Spoilers follow ...
- The Brides of Dracula review by NP
A sequel to 1958’s seminal ‘Dracula’, without Christopher Lee as the main man, could very well have been doomed to failure. Initial signs weren’t promising. When offered to return as Van Helsing, co-star Peter Cushing turned his nose up at the script. The subsequent various tweaks and three credited writers improved things sufficiently for him to agree to do it, but the re-writes resulted in a few flaws in an otherwise flawless film – just who was the Man In Black who ensured Marianne Danielle (Yvonne Monlaur) was abandoned at the inn (and where did he go)? Why did Marianne swiftly agree to marry Baron Meinster after previously being made very aware of his atrocities, and if Meinster could turn into a bat at will, then why was he shackled by the ankle unable to escape? Also, what happened to the vampire ‘brides’ at the film’s close?

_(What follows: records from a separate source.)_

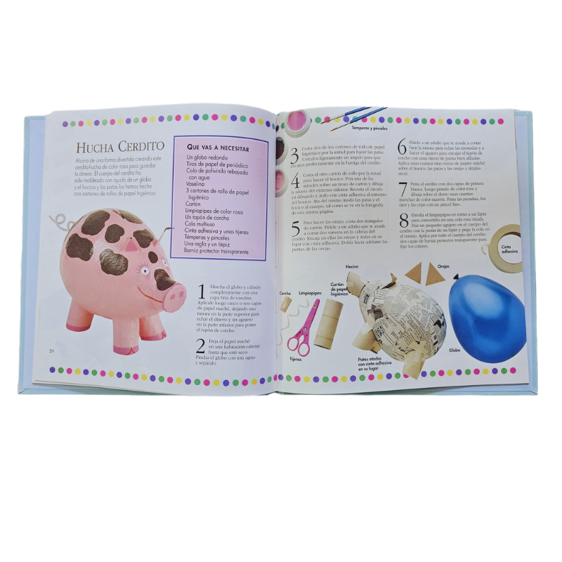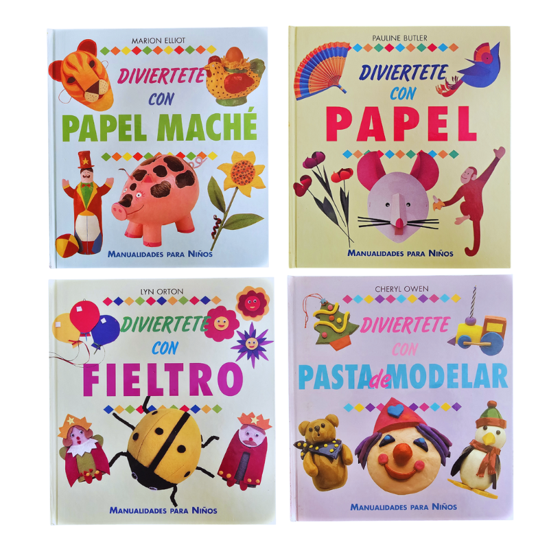 Esta entretenida colección de 4 tomos de manualidades para niños te enseñara como confeccionar diseños de papel mache, en fieltro, diseños de papel y diseños de pasta de modelar, cada proyecto está claramente explicado paso a paso.
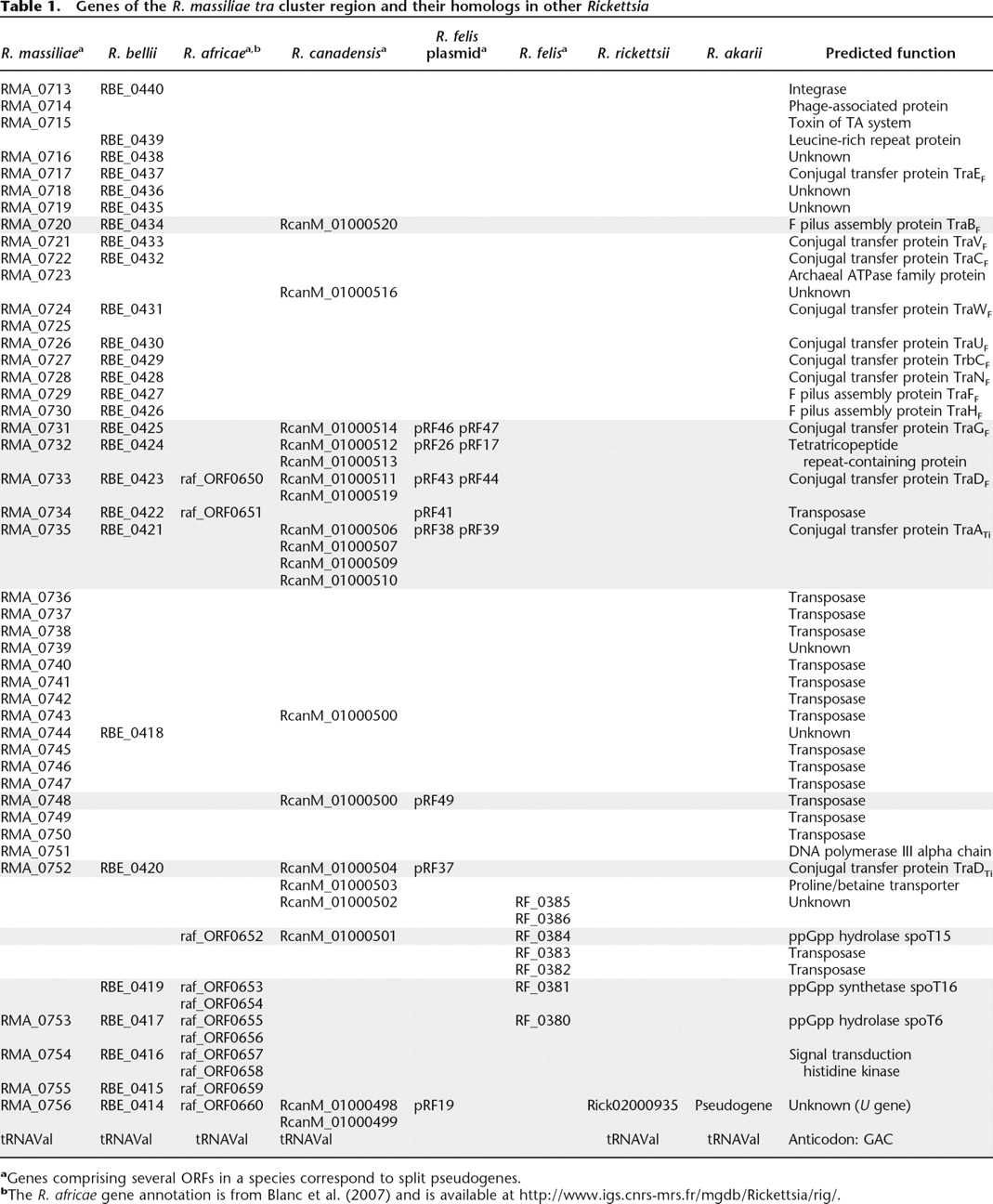 bThe R. africae gene annotation is from Blanc et al. (2007) and is available at http://www.igs.cnrs-mrs.fr/mgdb/Rickettsia/rig/.
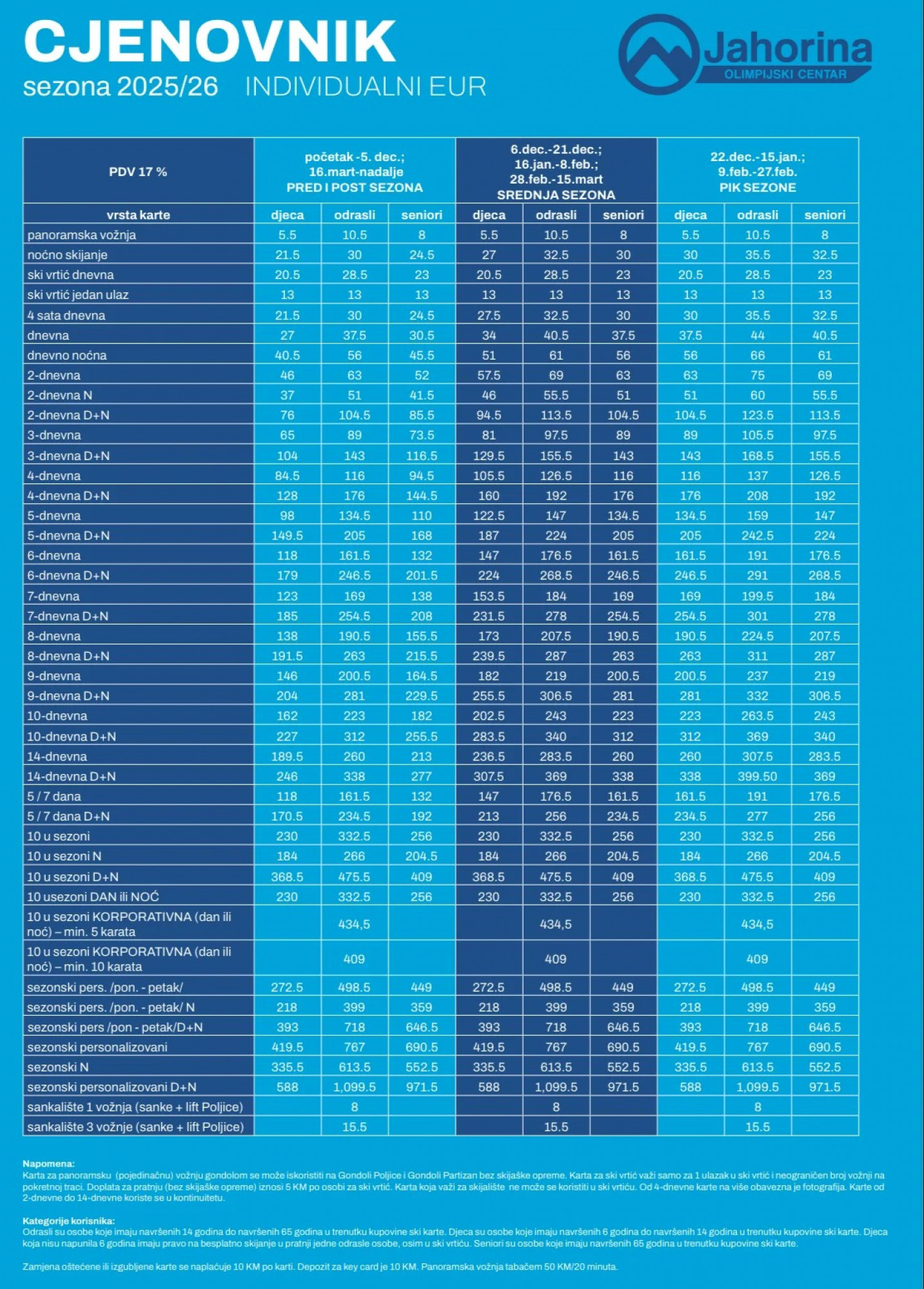 Na Ponijerima kod Kaknja skijaška sezona počinje uz iste cijene kao i prošle godine. Poludnevna karta, koja vrijedi od 10:00 do 13:00 ili od 13:00 do 16:00 sati, košta 10 KM, dok cijena dnevne karte iznosi 15 KM. Noćno skijanje je 10 KM, što čini Ponijere pristupačnim za sve posjetioce.

I had, and have, the biggest crush on Yvonne Monlaur as Marianne. Her air of innocence, naivety and elegance (the character was playing a teacher of deportment after all) made a ridiculous impression on me when I first saw ‘Brides’ in 1980. This fact has no bearing on my opinion of the overall brilliance of this early Hammer success. Before we’ve begun proper, we’ve had stalwart Michael Ripper as a coach-master tearing through a classic, misty, desolate wilderness. We’ve had superstitious locals desperately afraid for their new guest, Marianne. We have the imperious, mighty Baroness Meinster (Martita Hunt) initially frightening everyone before revealing herself as a terrified, tragic figure – and her ward Greta (Freda Jackson) is wonderfully (and persuasively) deranged whilst showing unswerving loyalty to her mistress. The performances here drip with a genuine class and confidence that we actually don’t actually miss Van Helsing, who doesn’t appear until almost halfway through the film.

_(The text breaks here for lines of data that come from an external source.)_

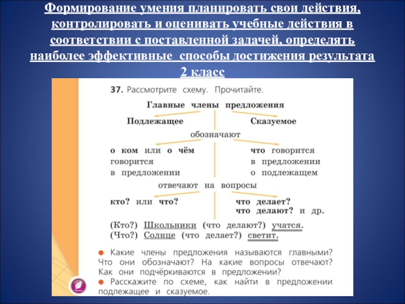 Формирование умения планировать свои действия, контролировать и оценивать учебные действия в соответствии с поставленной задачей, определять наиболее эффективные способы достижения результата.
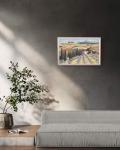 • Сочетайте картину с тёплой деревянной мебелью или нейтральной обивкой, чтобы подчеркнуть золотистые тона картины. • Создайте эффектную виньетку над консолью, в кабинете или столовой, чтобы подчеркнуть пейзажную историю.
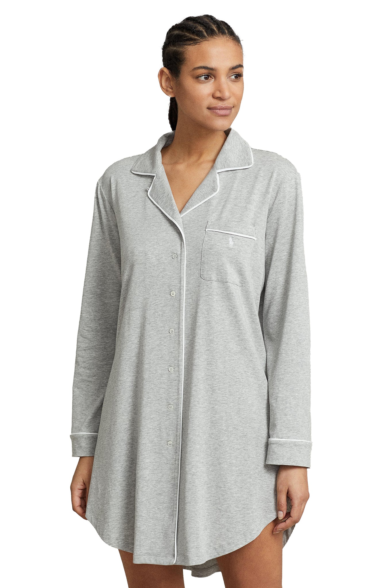 Experience luxurious comfort and style with the POLO RALPH LAUREN SLEEPSHIRT in heather grey. Made with high-quality materials, this sleepshirt is designed to provide the ultimate relaxation during your nights. With the iconic Polo Ralph Lauren logo and a comfortable fit, you'll sleep in style and wake up feeling refreshed and rejuvenated!
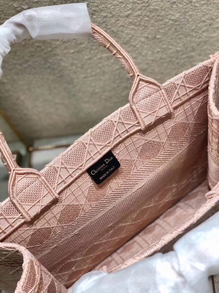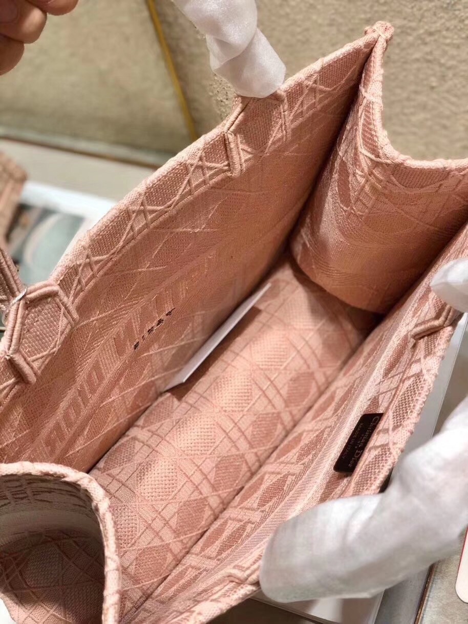 The Dior Book Tote, an original style introduced by Dior’s Creative Director Maria Grazia Chiuri, has become a staple of the Dior aesthetic. Ideally designed to carry all your daily essentials, the small shape portrays a fully embroidered pink Cannage pattern and boasts a ‘Christian Dior’ signature to the front. This carryall is a perfect example of the Dior savoir-faire and combines well with small accessories like the Mitzah scarf.
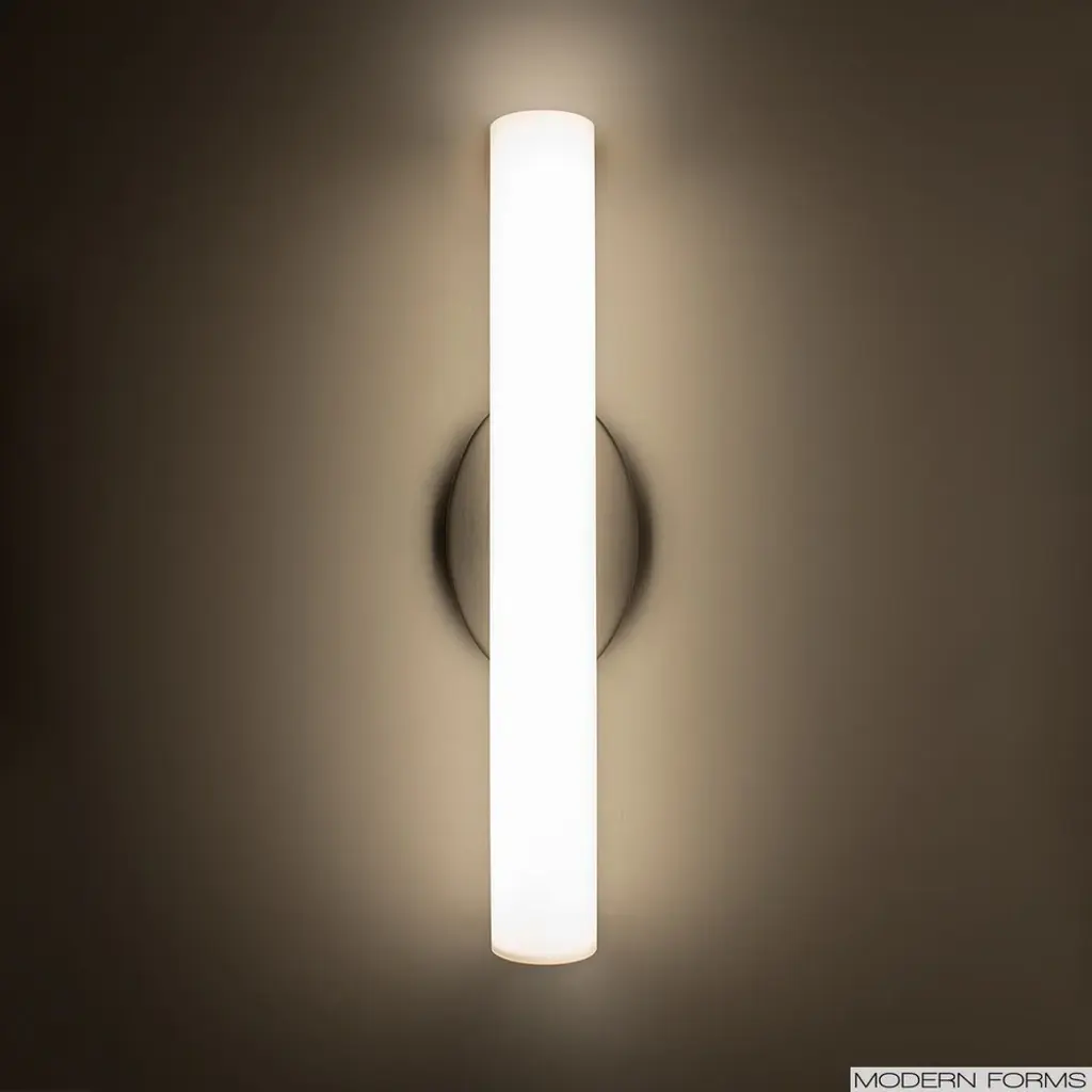 Mouth-blown etched opal glass and clean contours define this collection of vanities and wall sconces, perfect for bathrooms, hallways and anywhere you need a strikingly simple dose of glare-free, energy-efficient light. Aluminum hardware with an mouth-blown opal glass diffuser. CEC Title 24 and ADA Compliant. Can be mounted vertically or horizontally. Matching wall sconce with bathroom vanity light. Available in a variety of sizes and finish options. AC LED technology - no driver or transformer required. Easily fits on a pancake junction box. 277V, 240V, or custom CCT options available by special order. Smooth and continuous dimming with an electronic low voltage (ELV) dimmer. High Powered Replaceable LED Module CRI: 90, Rated Hours: 80,000, Color Temp: 2700K, 3000K, and 3500K. Standards: ETL & cETL listed for damp locations. ETL CertifiedNo UL CertificationLighting Location: DampLighting SpecificationsWattage: 17Number of Bulbs: 1Bulb type: LED ModuleBulbs includedHardwire

In the absence of The Count, we need a nemesis for Peter Cushing’s immaculate, masterly vampire Hunter. Whether Sir Lee was approached or not remains unknown, but David Peel, shorter and wearing a blond wig, more than makes up for his absence. Incredibly, Peel gave up acting after this, which is a shame. Here, he is noble and aristocratic, seductive and deadly, of imperious gaze and an intoxicating voice. Billed in America as a ‘teenage vampire’, Peel was actually 40 years old during filming. He is utterly brilliant in this, and his scenes are all electrifying. Only his eventual demise is slightly disappointing– no slow-motion disintegration effects here, but we do get a spectacularly over-the-top special effect when the sails of a windmill are turned (by Van Helsing in Errol Flynn mode, naturally) to form the shadow of a massive crucifix that finishes off the injured Baron.
This remains a firm favourite of mine, and something I never tire of watching. The sets, the lighting, Terrance Fisher’s uncluttered but inspiring direction, the cast (honourable mentions for Andree Melly and Miles Malleson), the story – it all offers something new every time. And let’s not forget Meinster achieved something Dracula never did – he actually ‘put the bite’ on Van Helsing. His antidote to the curse still makes me wince.
Lovely, stately horror from Hammer at their peak.